(The data begins)
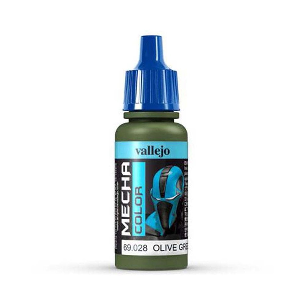 Olive Green 69.028 Vallejo Mecha Color New formula acrylic colors with a satin finish, extra resistant and impact proof especially designed for airbrushing surfaces exposed to aggressive manipulation. The advanced formulation contains a revolutionary component which guarantees exceptional adherence on even the most difficult surfaces, and offers great resistance to rough handling, impact, friction, scratches, etc. Once dry, the Mecha surface looks the same as the original plastic of the model, while yet the smallest details of the original remain clearly visible. The color range includes primers as well as special varnishes ‚¨ also with an exclusive formulation- and a series of colors for aging and weathering effects. It is recommended to apply the Mecha colors in several layers on the previously primed surface; a few hours after application the colors will have dried to form a homogenous coating of extraordinary strength and resistance. Mecha Color can be airbrushed directly or diluted with Vallejo Airbrush Thinner or Flow Improver, and the colors can also be applied by brush. The compressor adjustment recommended is 15 ‚¨ 20 PSI o 0.5 to 1 kg. For best airbrush maintenance we recommend using the Vallejo Airbrush Cleaner.Safety: Mecha Color is not flammable, and does not contain solvents. Please see also certified safety information of the product on the Safety page.Packaging: Mecha Color is available in 17 ml./0.57 fl.oz. bottles (with eyedropper). Mecha Primer and Mecha Varnish are also available in 60 ml./2.02 fl.oz. and 200 ml./6.76 fl.oz. bottles (with flip top and eyedropper).
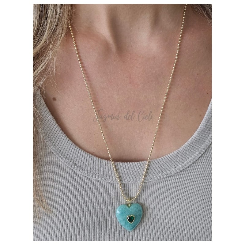 Collar de cadena de pelotitas en Goldfield dorado con un dije grande en piedra natural de cristal Aventurina en forma de corazón con un pequeño dije de circón.
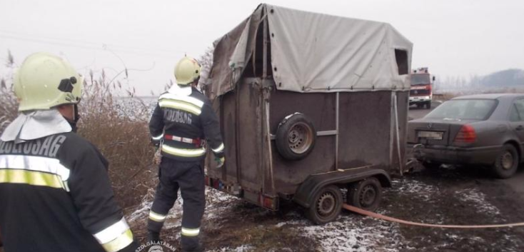 Árokba csúszott egy ló szállító utánfutót vontató személygépkocsi Nádudvar határában, tegnap délben. A püspökladányi hivatásos tűzoltók előbb átvizsgálták a gépjármű üzemanyagrendszerét, ami sehol nem szivárgott, majd kiemelték a két pónilovat a vontatmányból. Végül a felborult utánfutót két erőgép segítségével a kerekeire állították és visszaterelték abba a két lovat. Az eset során személyi sérülés nem történt.
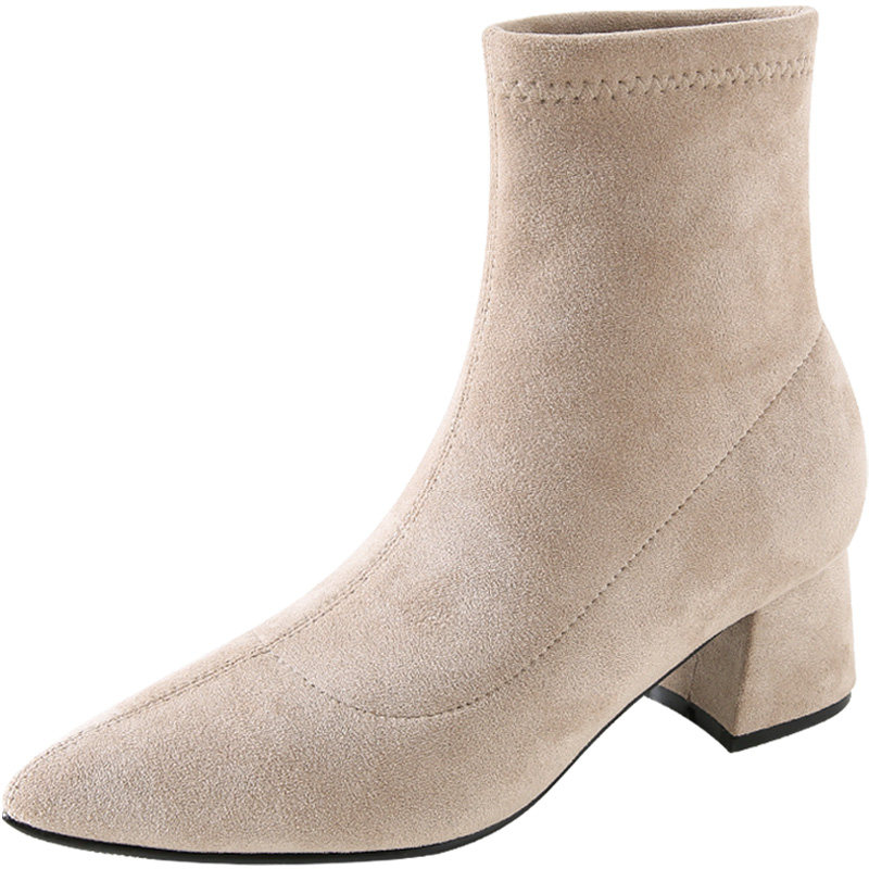 Broken code clearance thick heel ankle boots women's 2022 new mid-heel boots short tube square toe net red suede skinny boots
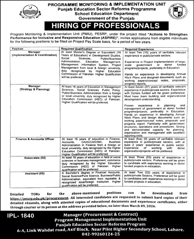 The School Education Department in Lahore, Punjab, has announced several management-level job openings. These positions are open to candidates with bachelor’s or master’s degrees. Applications must be submitted by March 9, 2026, or as stated in the newspaper advertisement.
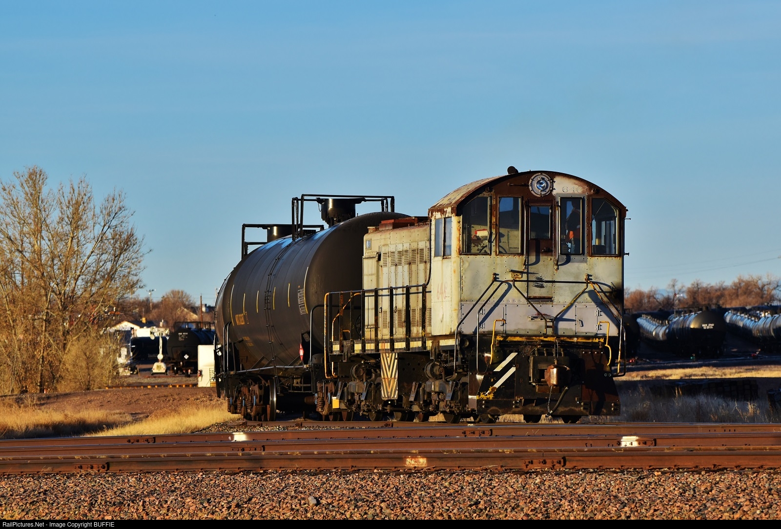 The 78-year-old Alco S1 still makes bank for the Hudson Terminal Railroad as it works the yard in Hudson, Colorado.
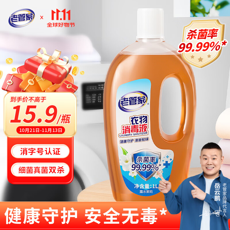 老管家衣物消毒液内衣裤袜子衣服除菌液杀菌99.99% 1L 1瓶
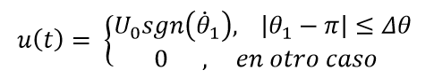 Considerando la posición inicial θ1 = π (equilibrio natural), se genera mediante simulación la trayectoria a seguir teniendo en cuenta que es posible hacer oscilar, el péndulo con una amplitud creciente si se aplica una señal de control constante y cuyo signo depende de la velocidad de la barra [14]. Esta entrada se aplica al sistema en una vecindad de tamaño ajustable Δθ alrededor del ángulo inicial. La entrada de control que permite dicha oscilación, según la descripción anterior, tiene la expresión (22):
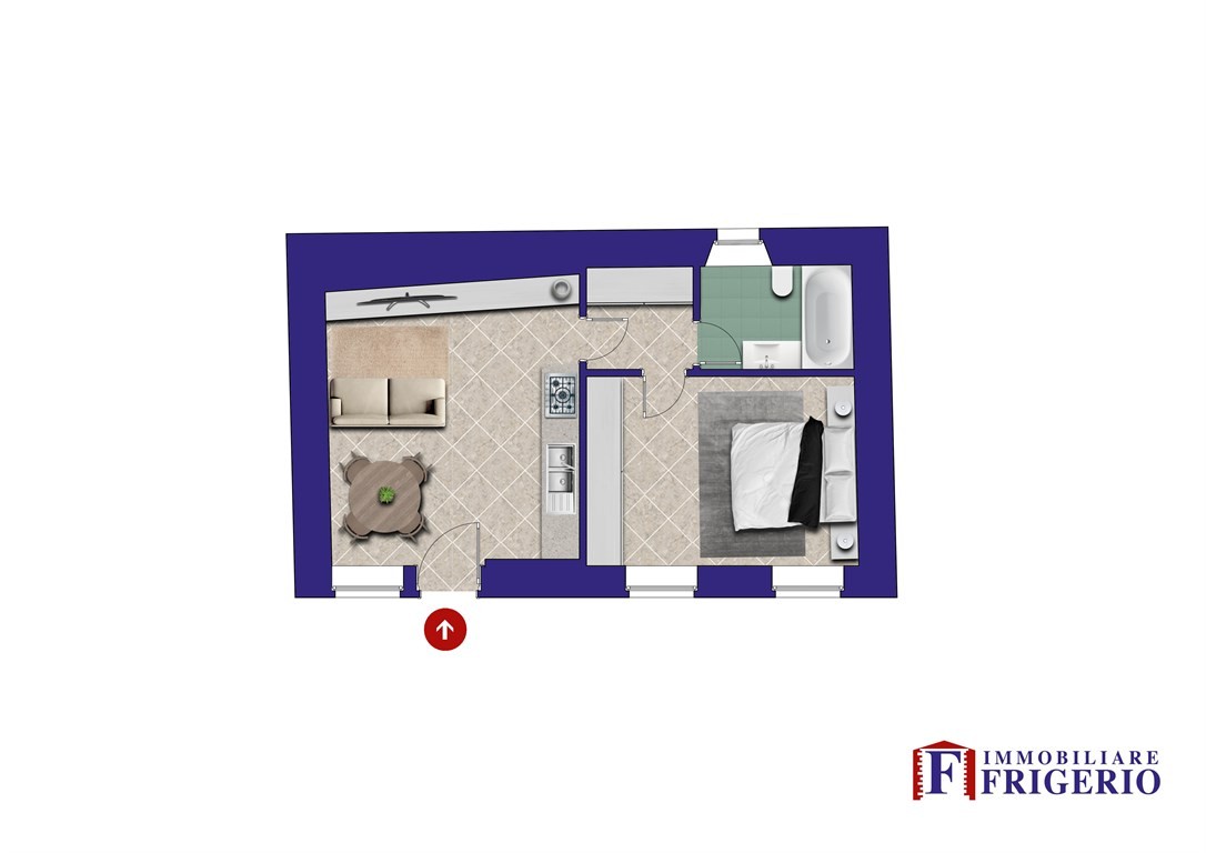 Proponiamo in vendita grazioso appartamento bilocale posto al piano terra con ingresso semindipendente, soluzione pratica e accogliente, composta dal soggiorno e cucina a vista, disimpegno, camera matrimoniale, bagno e intercapedine sfruttabile come cantina.
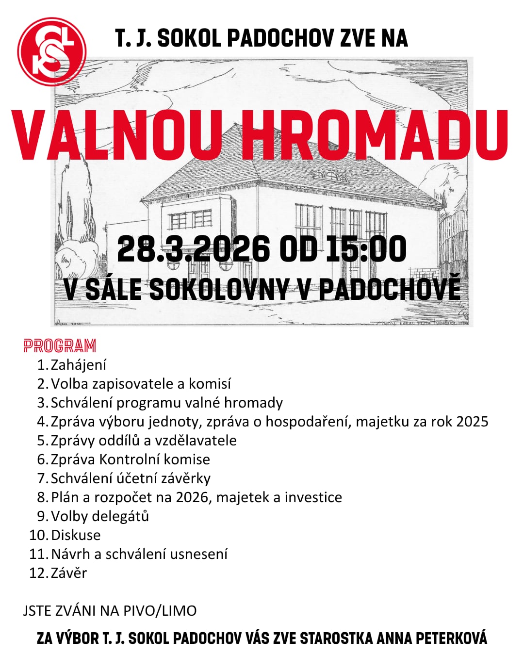 T. J. Sokol Padochov srdečně zve na sokolský ples, který se bude konat v sále sokolovny v Padochově
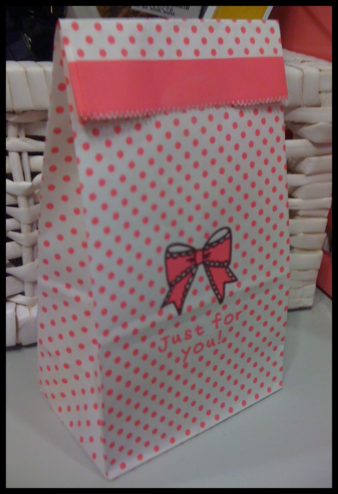 But instead of covering the whole bag edge with the label, i figure, it would be nicer to do it like this instead. So that the sides is till visible. I plan to do up the labels in Black and Pink so that it can blend well with the gift bag.
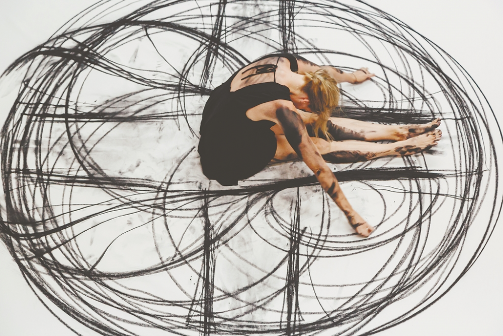 Szénnel keni be a testét, majd egy hatalmas, földre terített papírlapra fekszik és mozogni kezd, mintha csak táncolna, így készít élőben dinamikus és látványos szénrajzokat Heather Hansen New Orleans-i performanszművész.
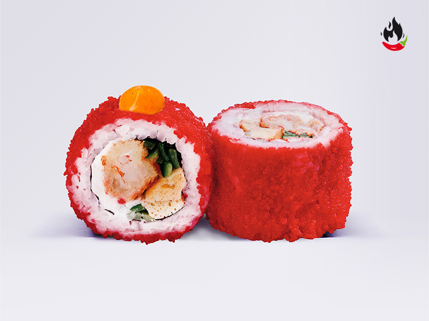 Креветка темпура, огурец, сыр сливочный, икра масаго, соус спайси
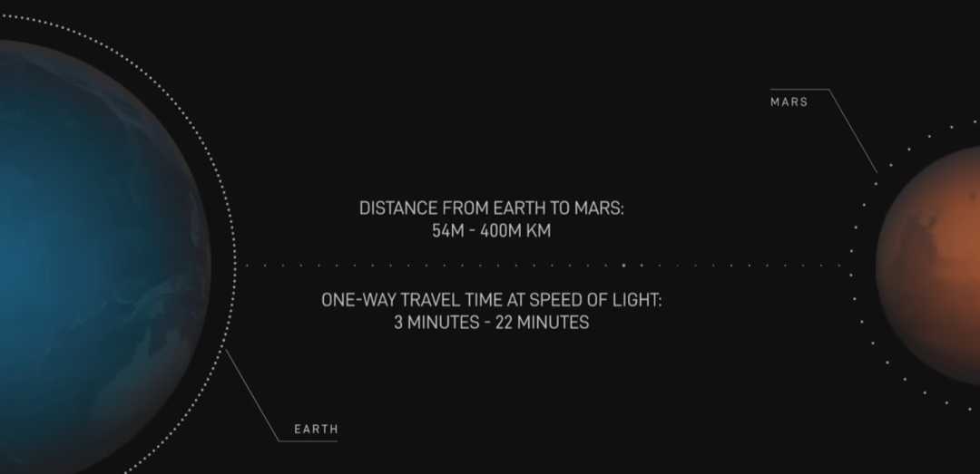 火星轨道也将建立“星链”卫星互联网。地球-火星通信延迟3-22分钟,取决于两者位置。
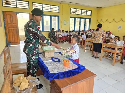 Tumbuhkan Semangat Kepahlawanan, Satgas Pamtas Yonarhanud 2 Kostrad Menjadi Tenaga Pendidik dan Bagikan Buku Rohani di Sekolah Perbatasan
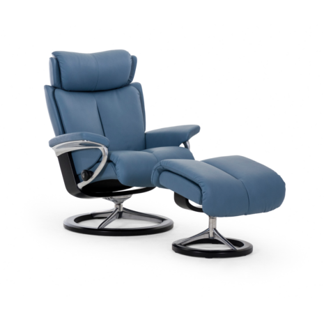 Fall under the spell of the newest recliner from the innovators of comfort. Forty years of design expertise coupled with the very latest advancements in furniture making technology result in pure Magic (in small, medium, and large sizes)! Extraordinarily luxe cushioning and carefully sculpted proportions make the Stressless® Magic our most comfortable recliner yet. Using the Stressless patented Glide®, and Plus® systems, Magic responds to your bodies slightest movement. Coupled with an adjustable headrest, the Stressless Magic delivers superior support and unprecedented comfort. Today, the first ergonomically designed recliner remains the best.
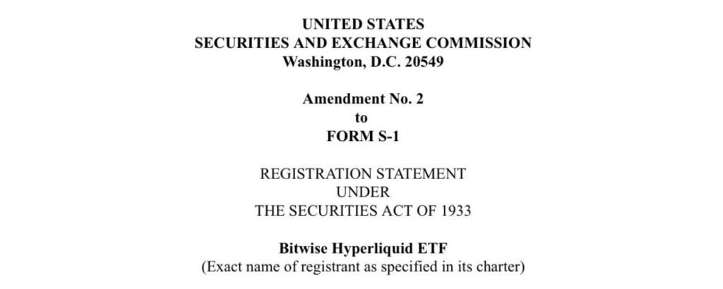 Công ty quản lý tài sản kỹ thuật số Bitwise Asset Management vừa thực hiện điều chỉnh quan trọng trong hồ sơ đăng ký quỹ ETF liên quan đến nền tảng Hyperliquid, theo nguồn tin từ PANews. Động thái này đang thu hút sự chú ý lớn từ giới đầu tư, khi nó có thể báo hiệu thời điểm ra mắt chính thức đang đến gần.
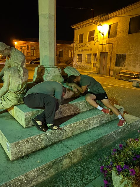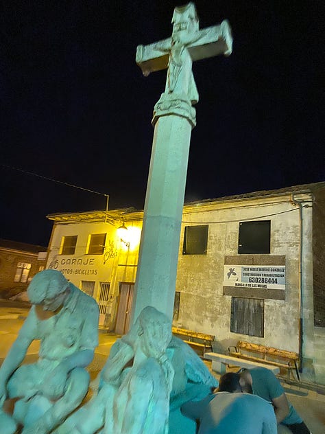 In a town where often all the beds are taken by evening, two of our friends parodied the monument of homeless pilgrims in the main square. For those without a bed, the next town is five miles away. Not a good situation for anyone.
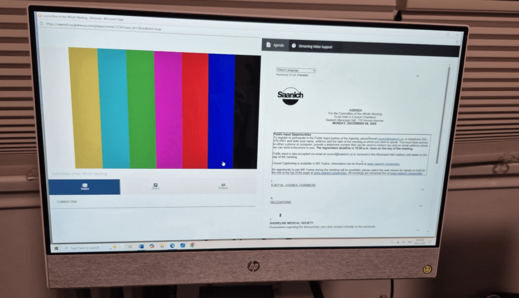 Above image from the now available Dec 8, 2025 Saanich Committee of the Whole Meeting, which while not initially available was posted at some time later. Only an audio feed can be heard, yet the audio feed did not broadcast on the Saanich website on the evening of the meeting on Dec 8, 2025.
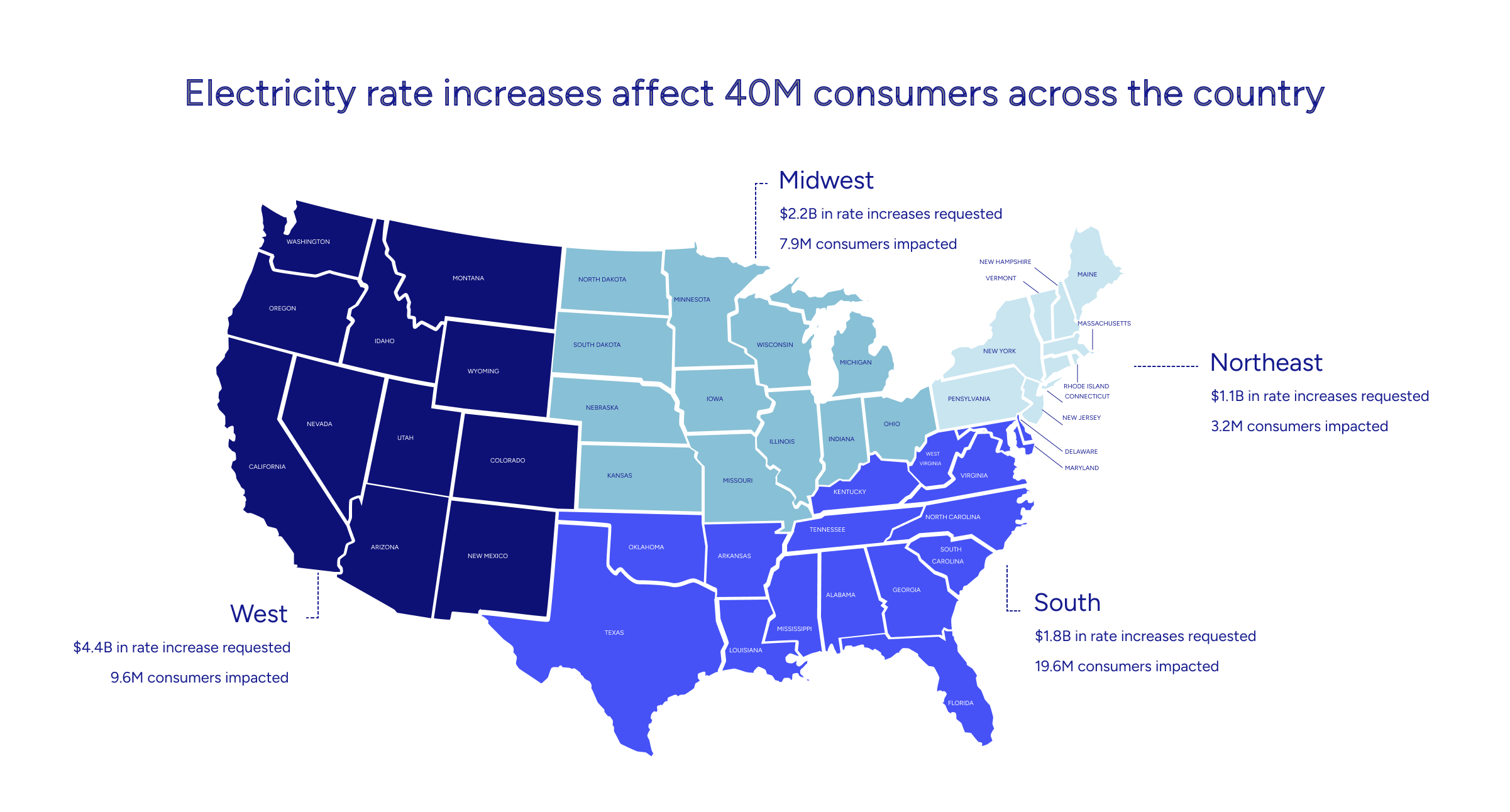 - Rising electricity prices. Utilities have already requested $29 billion in rate increases for just the first half of this year, hitting 40 million Americans. Already-rising retail electricity prices will now get pushed higher, which will both support higher rooftop lease and PPA rates.
(The data ends)
Aim of the task:
Repeat exactly the lines above, beginning at the one containing "Considerando la posición" and ending at the one containing "Proponiamo in vendita". Do not carry over any pictures.

Solution for this problem:
 Considerando la posición inicial θ1 = π (equilibrio natural), se genera mediante simulación la trayectoria a seguir teniendo en cuenta que es posible hacer oscilar, el péndulo con una amplitud creciente si se aplica una señal de control constante y cuyo signo depende de la velocidad de la barra [14]. Esta entrada se aplica al sistema en una vecindad de tamaño ajustable Δθ alrededor del ángulo inicial. La entrada de control que permite dicha oscilación, según la descripción anterior, tiene la expresión (22):
 Proponiamo in vendita grazioso appartamento bilocale posto al piano terra con ingresso semindipendente, soluzione pratica e accogliente, composta dal soggiorno e cucina a vista, disimpegno, camera matrimoniale, bagno e intercapedine sfruttabile come cantina.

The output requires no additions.